Pictures are to be left out, and only the lines below starting at the one with "O número oficial" and ending at the one with "CLINICIAN’SCOR" are to be reproduced, each exactly, both ends included.

Excerpts from a dataset:
_ _ _ _
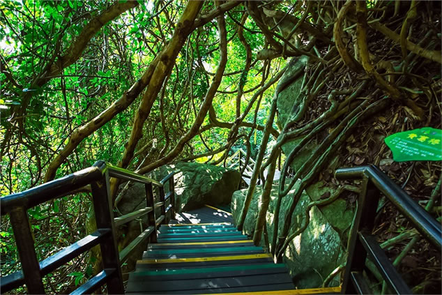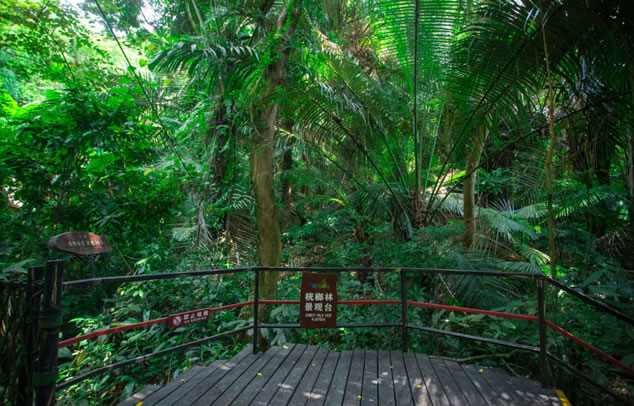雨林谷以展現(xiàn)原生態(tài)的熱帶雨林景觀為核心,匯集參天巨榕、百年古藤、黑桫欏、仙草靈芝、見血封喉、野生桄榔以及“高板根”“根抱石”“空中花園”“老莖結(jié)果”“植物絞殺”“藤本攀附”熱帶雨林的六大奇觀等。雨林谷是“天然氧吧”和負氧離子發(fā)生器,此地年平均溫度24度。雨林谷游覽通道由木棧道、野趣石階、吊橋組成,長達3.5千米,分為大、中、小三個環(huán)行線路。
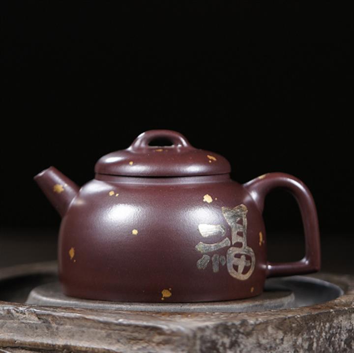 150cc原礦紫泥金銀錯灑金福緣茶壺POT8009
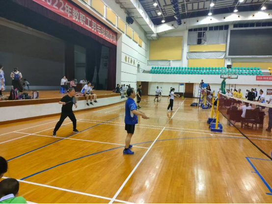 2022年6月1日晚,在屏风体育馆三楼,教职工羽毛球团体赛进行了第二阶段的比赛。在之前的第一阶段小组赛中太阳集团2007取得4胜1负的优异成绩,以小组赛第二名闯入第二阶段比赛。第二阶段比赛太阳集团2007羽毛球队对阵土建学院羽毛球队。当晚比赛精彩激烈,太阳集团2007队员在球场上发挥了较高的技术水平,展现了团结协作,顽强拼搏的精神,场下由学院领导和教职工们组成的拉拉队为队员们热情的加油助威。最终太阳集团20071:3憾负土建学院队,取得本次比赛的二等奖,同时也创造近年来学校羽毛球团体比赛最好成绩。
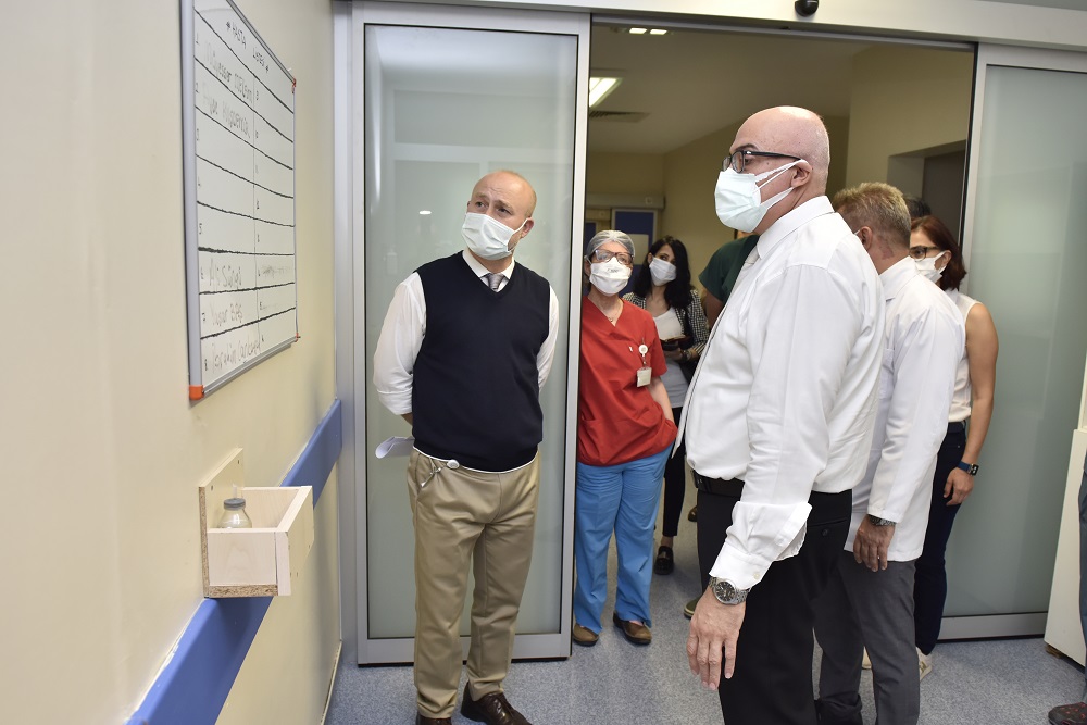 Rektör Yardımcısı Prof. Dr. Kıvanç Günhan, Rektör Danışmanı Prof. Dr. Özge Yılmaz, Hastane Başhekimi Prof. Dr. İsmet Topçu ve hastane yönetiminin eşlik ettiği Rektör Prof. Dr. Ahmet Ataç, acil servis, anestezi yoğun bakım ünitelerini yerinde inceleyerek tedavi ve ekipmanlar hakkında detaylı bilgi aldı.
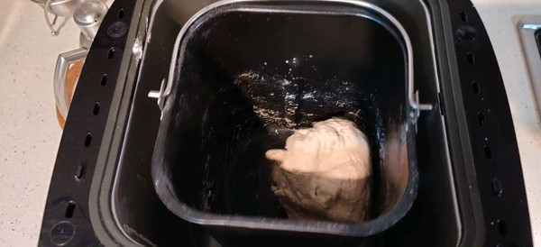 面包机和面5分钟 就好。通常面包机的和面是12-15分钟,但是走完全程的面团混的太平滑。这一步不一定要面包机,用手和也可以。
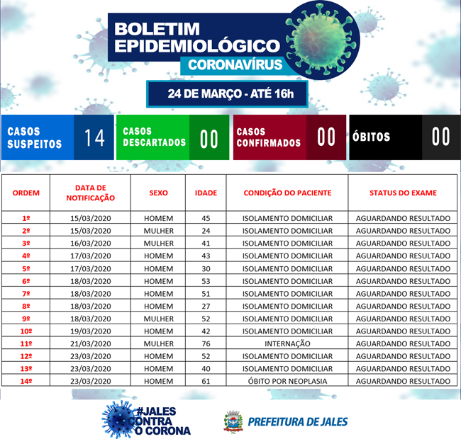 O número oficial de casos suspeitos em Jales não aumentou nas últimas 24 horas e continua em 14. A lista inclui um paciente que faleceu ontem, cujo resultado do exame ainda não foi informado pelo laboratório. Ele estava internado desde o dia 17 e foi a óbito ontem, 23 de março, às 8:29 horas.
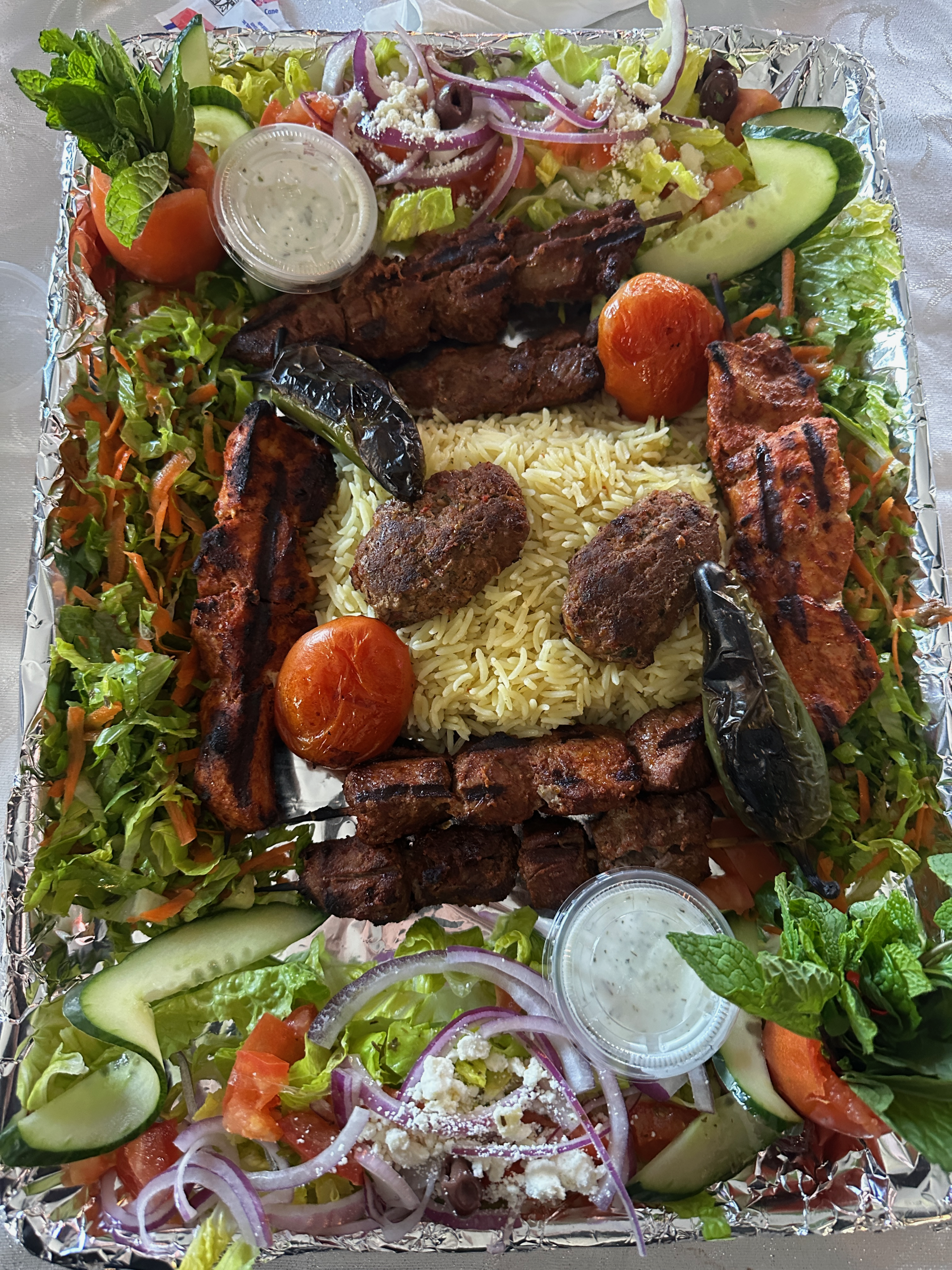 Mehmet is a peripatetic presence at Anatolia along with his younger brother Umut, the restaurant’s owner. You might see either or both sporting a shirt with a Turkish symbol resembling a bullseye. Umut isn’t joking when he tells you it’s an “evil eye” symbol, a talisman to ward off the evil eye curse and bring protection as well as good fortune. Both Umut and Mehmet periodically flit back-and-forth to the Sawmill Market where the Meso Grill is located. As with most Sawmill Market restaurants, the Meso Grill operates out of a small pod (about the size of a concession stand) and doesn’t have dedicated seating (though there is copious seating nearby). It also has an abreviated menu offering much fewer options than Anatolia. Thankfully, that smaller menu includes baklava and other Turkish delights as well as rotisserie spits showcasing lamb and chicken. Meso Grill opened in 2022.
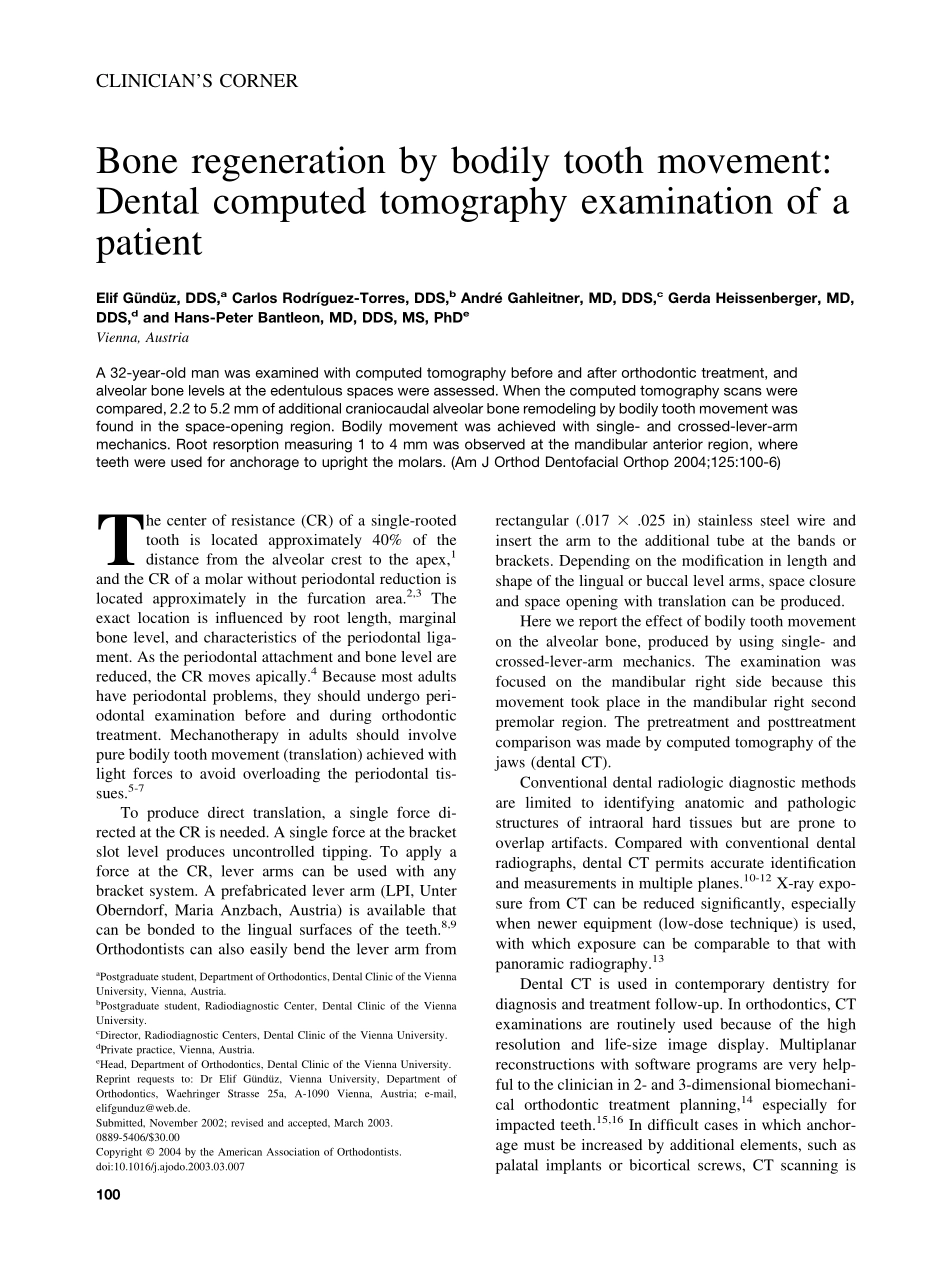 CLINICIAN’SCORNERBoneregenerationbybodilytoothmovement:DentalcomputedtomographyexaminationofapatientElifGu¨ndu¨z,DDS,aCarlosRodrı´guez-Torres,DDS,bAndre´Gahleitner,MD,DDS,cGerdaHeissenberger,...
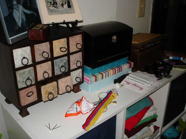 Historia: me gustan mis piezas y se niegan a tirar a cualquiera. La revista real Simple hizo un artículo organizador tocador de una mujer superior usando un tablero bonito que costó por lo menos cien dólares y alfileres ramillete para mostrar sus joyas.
_ _ _ _
TASK RESPONSE:
 O número oficial de casos suspeitos em Jales não aumentou nas últimas 24 horas e continua em 14. A lista inclui um paciente que faleceu ontem, cujo resultado do exame ainda não foi informado pelo laboratório. Ele estava internado desde o dia 17 e foi a óbito ontem, 23 de março, às 8:29 horas.
 Mehmet is a peripatetic presence at Anatolia along with his younger brother Umut, the restaurant’s owner. You might see either or both sporting a shirt with a Turkish symbol resembling a bullseye. Umut isn’t joking when he tells you it’s an “evil eye” symbol, a talisman to ward off the evil eye curse and bring protection as well as good fortune. Both Umut and Mehmet periodically flit back-and-forth to the Sawmill Market where the Meso Grill is located. As with most Sawmill Market restaurants, the Meso Grill operates out of a small pod (about the size of a concession stand) and doesn’t have dedicated seating (though there is copious seating nearby). It also has an abreviated menu offering much fewer options than Anatolia. Thankfully, that smaller menu includes baklava and other Turkish delights as well as rotisserie spits showcasing lamb and chicken. Meso Grill opened in 2022.
 CLINICIAN’SCORNERBoneregenerationbybodilytoothmovement:DentalcomputedtomographyexaminationofapatientElifGu¨ndu¨z,DDS,aCarlosRodrı´guez-Torres,DDS,bAndre´Gahleitner,MD,DDS,cGerdaHeissenberger,...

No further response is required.